So there usually is no need at all to save a lot of money just in case, which
makes the high tax rate pretty bearable.

------
haidrali
I was exactly in the same situation 2 years back and instead of Dubai I was in
Lahore, Pakistan. I got offer from Berlin and I was offered I believe 4500
Euros/month and I posted on Hacker News too look at that thread
[https://news.ycombinator.com/item?id=10602867](https://news.ycombinator.com/item?id=10602867)
( Ask HN: Full Stack developer offer from Berlin )

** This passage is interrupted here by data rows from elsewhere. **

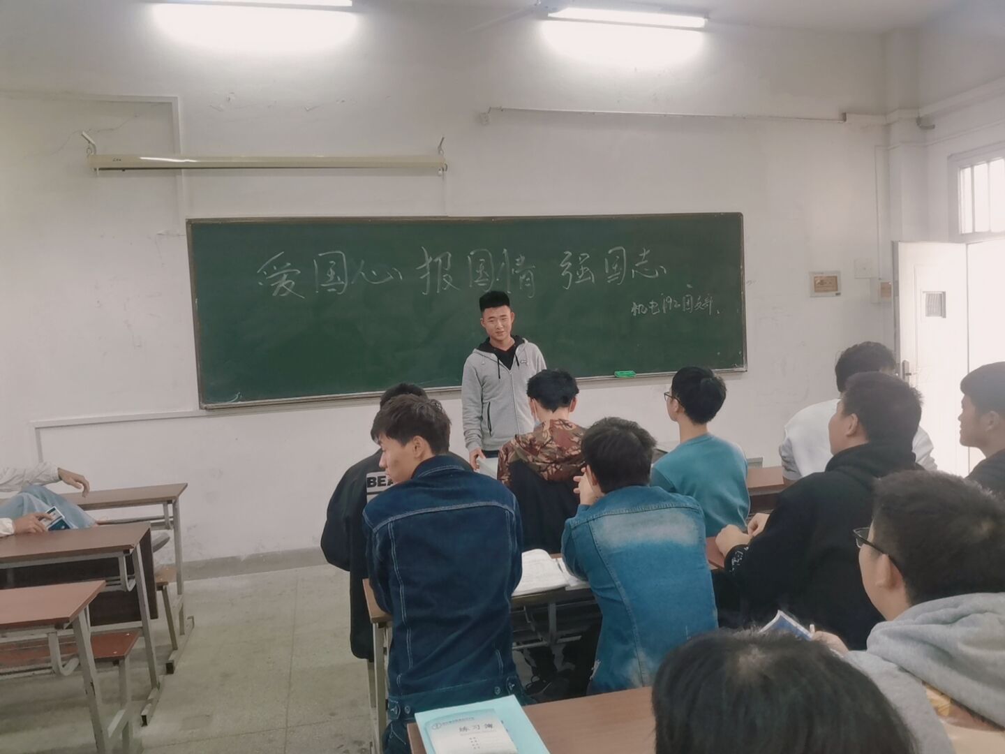 9月21日下午,机电192班团支部在知行楼503开展了以“爱国心报国情强国志”为主题的演讲活动,团支书李荣康主持本次活动。
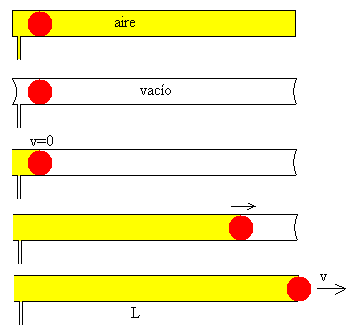 Se pulsa el botón titulado Empieza Primero, se conecta el tubo a una bomba de vacío, y un manómetro nos señala la disminución de la presión en el tubo sellado por ambos extremos. A continuación, se observa el movimiento del proyectil (en color rojo) a lo largo del tubo, y la columna de aire (en color amarillo) detrás. En la parte superior del applet, se representa, la velocidad v del proyectil en función de la posición x, medida desde la parte izquierda del tubo que se toma como origen. El proyectil alcanza una velocidad máxima al final del tubo y luego, disminuye debido al rozamiento con el aire. En esta “experiencia” anotaremos la velocidad final v0 y la relacionaremos con la masa m del proyectil y con la longitud L del tubo. |
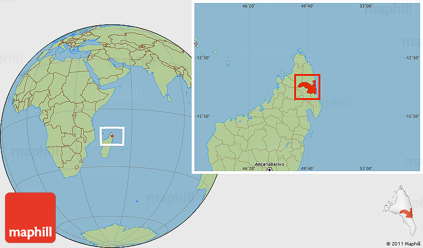 Maphill is a collection of map images. This image combines a savanna style map with the globe centered on Sambava. Use the buttons under the image to switch to different map types.

I didn't move to Berlin and my reasons were little different. If I were to
suggest you I would say move to Berlin and the strongest point is you can get
National there with in 3 to 4 years. second strong point is Berlin is turning
into European Tech Hub exposure you can get while living Berlin you can't get
in Dubai.

Go to Berlin ;)

------
kowdermeister
I lived in Berlin for 9 months and it was an awesome place to be. I quite
enjoyed the nightlife there too :)

For apartment, prepare to spend around €800 peek around here:

[http://www.wg-gesucht.de/wg-zimmer-in-Berlin.8.0.1.0.html](http://www.wg-
gesucht.de/wg-zimmer-in-Berlin.8.0.1.0.html)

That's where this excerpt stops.